▸ **Exercise brief**: Shown below is a listing with pictures; reproduce exactly, and only, the lines between the ones containing "index rebuild move操作等。" and "He won the title", inclusive, leaving the pictures out.

▸ **Listed records**:
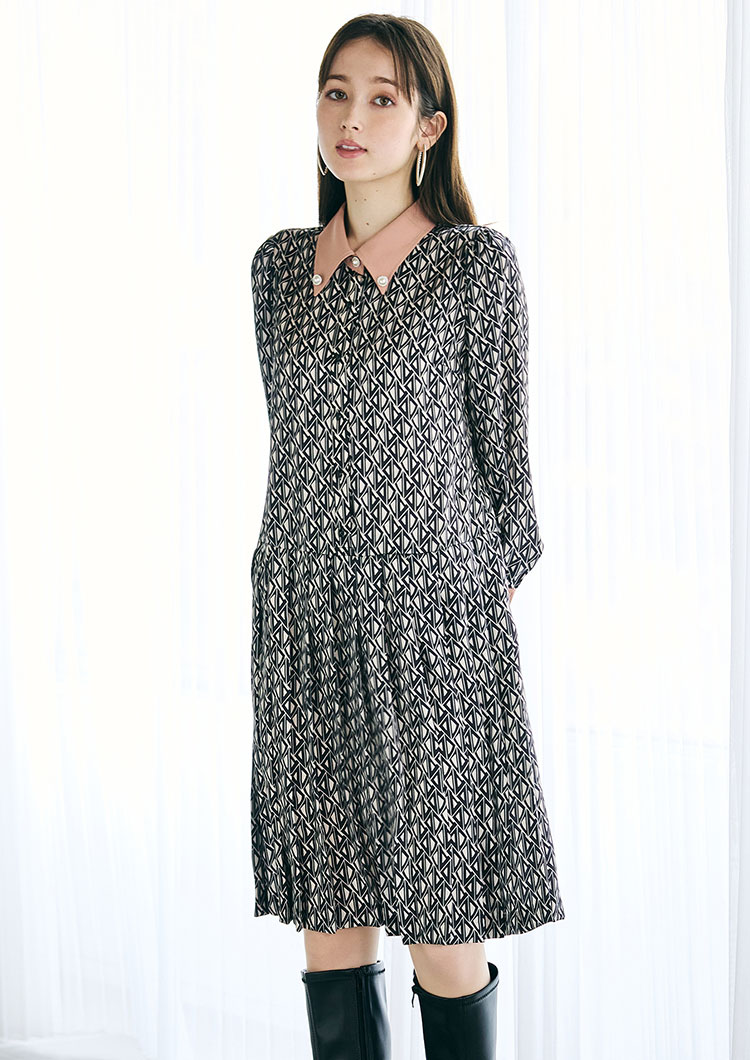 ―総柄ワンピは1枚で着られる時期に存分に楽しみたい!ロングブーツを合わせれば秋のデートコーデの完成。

--

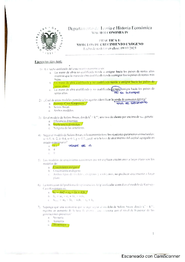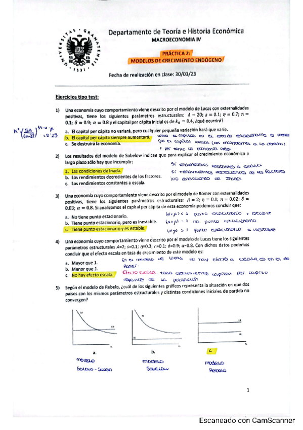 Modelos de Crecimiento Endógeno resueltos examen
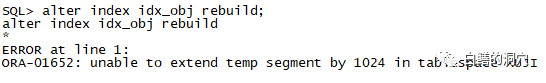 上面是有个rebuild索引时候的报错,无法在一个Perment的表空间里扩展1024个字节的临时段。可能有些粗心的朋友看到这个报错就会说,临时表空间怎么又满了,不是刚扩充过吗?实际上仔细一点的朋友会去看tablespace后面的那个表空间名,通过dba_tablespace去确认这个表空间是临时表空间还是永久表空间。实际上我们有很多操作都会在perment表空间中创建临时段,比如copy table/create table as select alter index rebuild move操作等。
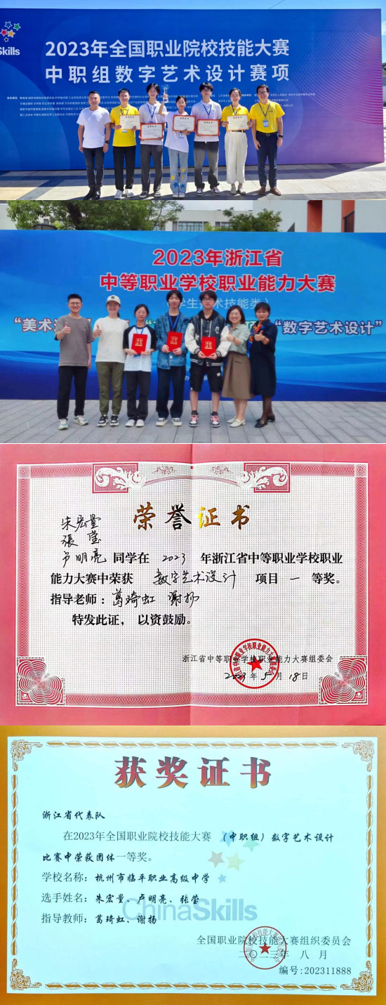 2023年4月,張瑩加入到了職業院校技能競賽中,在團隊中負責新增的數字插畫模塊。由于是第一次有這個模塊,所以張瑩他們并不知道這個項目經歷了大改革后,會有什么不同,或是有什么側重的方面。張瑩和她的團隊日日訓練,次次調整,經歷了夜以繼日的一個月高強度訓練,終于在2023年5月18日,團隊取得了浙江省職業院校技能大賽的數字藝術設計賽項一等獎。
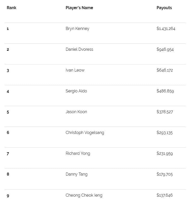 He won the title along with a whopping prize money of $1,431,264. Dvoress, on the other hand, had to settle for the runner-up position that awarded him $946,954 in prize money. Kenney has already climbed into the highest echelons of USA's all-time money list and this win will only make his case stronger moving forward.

---

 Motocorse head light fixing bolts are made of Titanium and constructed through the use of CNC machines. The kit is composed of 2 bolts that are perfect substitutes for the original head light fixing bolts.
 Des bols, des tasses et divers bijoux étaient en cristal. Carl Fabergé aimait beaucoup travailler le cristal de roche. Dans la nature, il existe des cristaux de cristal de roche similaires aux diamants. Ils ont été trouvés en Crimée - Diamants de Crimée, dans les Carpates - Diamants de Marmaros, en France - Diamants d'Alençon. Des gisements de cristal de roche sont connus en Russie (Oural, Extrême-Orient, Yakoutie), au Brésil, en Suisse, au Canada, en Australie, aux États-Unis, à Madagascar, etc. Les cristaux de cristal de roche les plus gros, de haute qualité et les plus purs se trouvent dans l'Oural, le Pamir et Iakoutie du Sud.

▸ **Result of this task**:
 上面是有个rebuild索引时候的报错,无法在一个Perment的表空间里扩展1024个字节的临时段。可能有些粗心的朋友看到这个报错就会说,临时表空间怎么又满了,不是刚扩充过吗?实际上仔细一点的朋友会去看tablespace后面的那个表空间名,通过dba_tablespace去确认这个表空间是临时表空间还是永久表空间。实际上我们有很多操作都会在perment表空间中创建临时段,比如copy table/create table as select alter index rebuild move操作等。
 2023年4月,張瑩加入到了職業院校技能競賽中,在團隊中負責新增的數字插畫模塊。由于是第一次有這個模塊,所以張瑩他們并不知道這個項目經歷了大改革后,會有什么不同,或是有什么側重的方面。張瑩和她的團隊日日訓練,次次調整,經歷了夜以繼日的一個月高強度訓練,終于在2023年5月18日,團隊取得了浙江省職業院校技能大賽的數字藝術設計賽項一等獎。
 He won the title along with a whopping prize money of $1,431,264. Dvoress, on the other hand, had to settle for the runner-up position that awarded him $946,954 in prize money. Kenney has already climbed into the highest echelons of USA's all-time money list and this win will only make his case stronger moving forward.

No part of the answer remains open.